__Brief__: Please print exactly the lines below, from the start of the material up to and including the line with "棚板はパイン材よりも曲がりや", but none of the pictures.

__Supplied entries__:
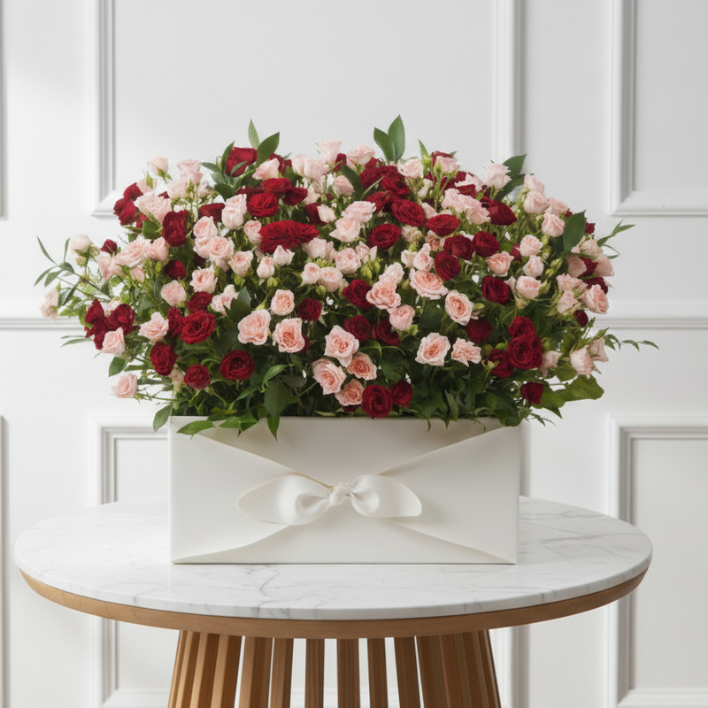 Our exquisite Box Arrangement boasts 50 Baby Roses gracefully arranged with lush Ruscus greens. A timeless gift that symbolizes love, beauty, and elegance.
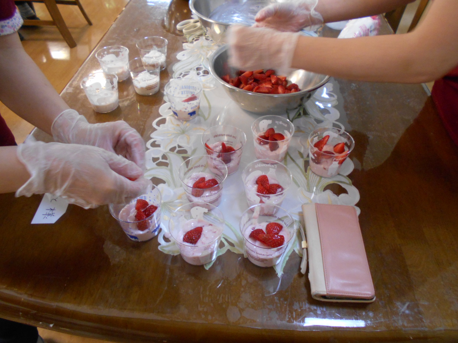 カーネーション作成後は、おやつのフルーチェを作り召し上がりましたよ!
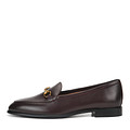 Лаконичные лоферы на тонкой подошве из резины. Цвет модели бордовый. Материал верха - нежная кожа шевро. Лоферы с отделкой из текстиля и стелькой из нежной кожи шевро. Союзку модели украсили золотистой пряжкой-трензелем.
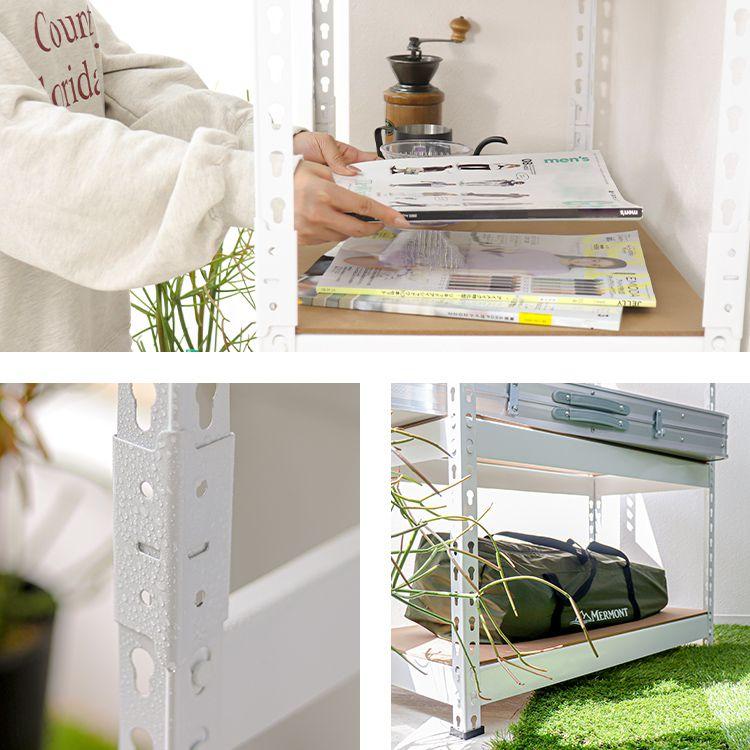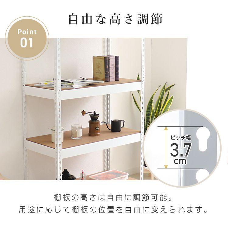 棚板はパイン材よりも曲がりや反りが出にくく、軽量で丈夫なMDFボード!軽量で乾燥や湿気による変形が少ないのが特徴です。
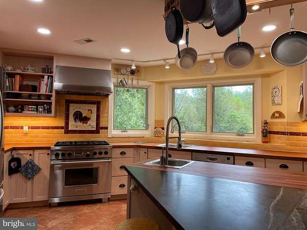 Beautifully situated on a gentle incline looking at Round Mountain, "Dogwood Retreat" was custom built by Master builder Peter Kreyling hallmarking those special quality details he was known for. This sparkling contemporary with a metal roof and 2 fireplaces is flooded with light and makes the soul feel peaceful and uplifted! The main level features upgraded quality casement windows, radiant floor and passive solar heating for increased energy efficiency, plus everything you need for easy One-Level Living: A primary suite, 2nd bedroom, gorgeous gourmet kitchen with a Wolf six-burner stove and large oven, Butcher block counter tops, soapstone counter bar, an Italian wood-burning pizza oven, hand-painted French tile decor, large pantry and laundry room, and a spacious great room with a Rumsford fireplace. Originally built as a 3 bedroom home, the upper bedroom has been converted into a stunning library with cherry cabinetry and "His and Her" offices with interior and "ground level" access. The home showcases easy care stucco and Hardie-plank exterior. ** Complete architectural plans available for stylish Oversized 2-story Garage with upper level space for studio/in-law suite. The property is a perfect mix of open space and trees, mountain views, a Deer-proof enclosed raised garden awaiting plantings of your choice, a slate patio, and a whole house generator. A perfect home for those looking to downsize without sacrificing style or comfort or for those who just want to enjoy the good Rappahannock County life. Close to multiple fine dining venues, local restaurants, wineries/breweries, art galleries, live theatre, extraordinary music and concerts, beautiful Skyline Drive, and the Shenandoah National Park. Make "Dogwood Retreat" your special country place! (Previous Contract - Buyers had immediate Financing Issues!)

__Written solution__:
 Our exquisite Box Arrangement boasts 50 Baby Roses gracefully arranged with lush Ruscus greens. A timeless gift that symbolizes love, beauty, and elegance.
 カーネーション作成後は、おやつのフルーチェを作り召し上がりましたよ!
 Лаконичные лоферы на тонкой подошве из резины. Цвет модели бордовый. Материал верха - нежная кожа шевро. Лоферы с отделкой из текстиля и стелькой из нежной кожи шевро. Союзку модели украсили золотистой пряжкой-трензелем.
 棚板はパイン材よりも曲がりや反りが出にくく、軽量で丈夫なMDFボード!軽量で乾燥や湿気による変形が少ないのが特徴です。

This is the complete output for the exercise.